> Assignment
Please write out the whole listing that follows exactly; the pictures stay out.

> Available data
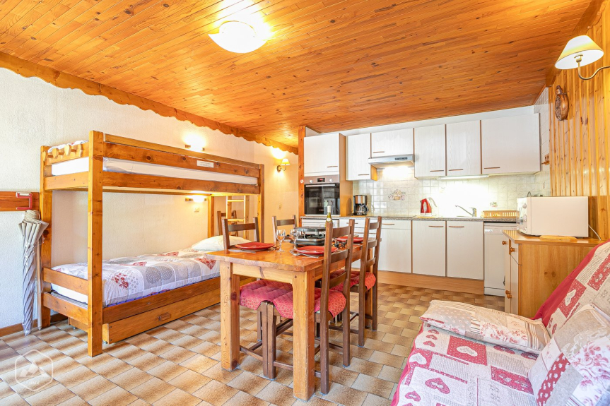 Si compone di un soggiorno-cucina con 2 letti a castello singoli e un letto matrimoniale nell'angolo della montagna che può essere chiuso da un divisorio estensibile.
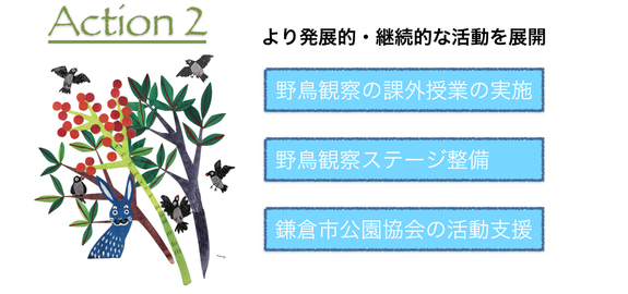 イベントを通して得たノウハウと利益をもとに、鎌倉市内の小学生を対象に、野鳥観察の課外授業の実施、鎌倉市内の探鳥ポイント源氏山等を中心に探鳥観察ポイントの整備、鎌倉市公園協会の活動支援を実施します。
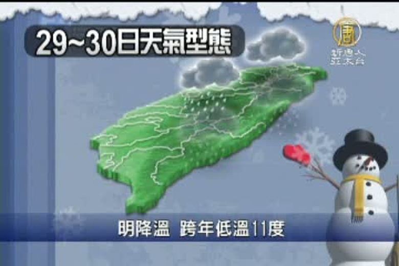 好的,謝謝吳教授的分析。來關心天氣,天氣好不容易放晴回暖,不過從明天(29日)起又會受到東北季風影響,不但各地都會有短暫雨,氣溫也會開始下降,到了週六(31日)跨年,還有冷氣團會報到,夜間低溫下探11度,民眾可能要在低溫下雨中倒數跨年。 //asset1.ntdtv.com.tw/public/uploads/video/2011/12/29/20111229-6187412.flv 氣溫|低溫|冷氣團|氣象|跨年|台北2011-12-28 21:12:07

> Exercise output
 Si compone di un soggiorno-cucina con 2 letti a castello singoli e un letto matrimoniale nell'angolo della montagna che può essere chiuso da un divisorio estensibile.
 イベントを通して得たノウハウと利益をもとに、鎌倉市内の小学生を対象に、野鳥観察の課外授業の実施、鎌倉市内の探鳥ポイント源氏山等を中心に探鳥観察ポイントの整備、鎌倉市公園協会の活動支援を実施します。
 好的,謝謝吳教授的分析。來關心天氣,天氣好不容易放晴回暖,不過從明天(29日)起又會受到東北季風影響,不但各地都會有短暫雨,氣溫也會開始下降,到了週六(31日)跨年,還有冷氣團會報到,夜間低溫下探11度,民眾可能要在低溫下雨中倒數跨年。 //asset1.ntdtv.com.tw/public/uploads/video/2011/12/29/20111229-6187412.flv 氣溫|低溫|冷氣團|氣象|跨年|台北2011-12-28 21:12:07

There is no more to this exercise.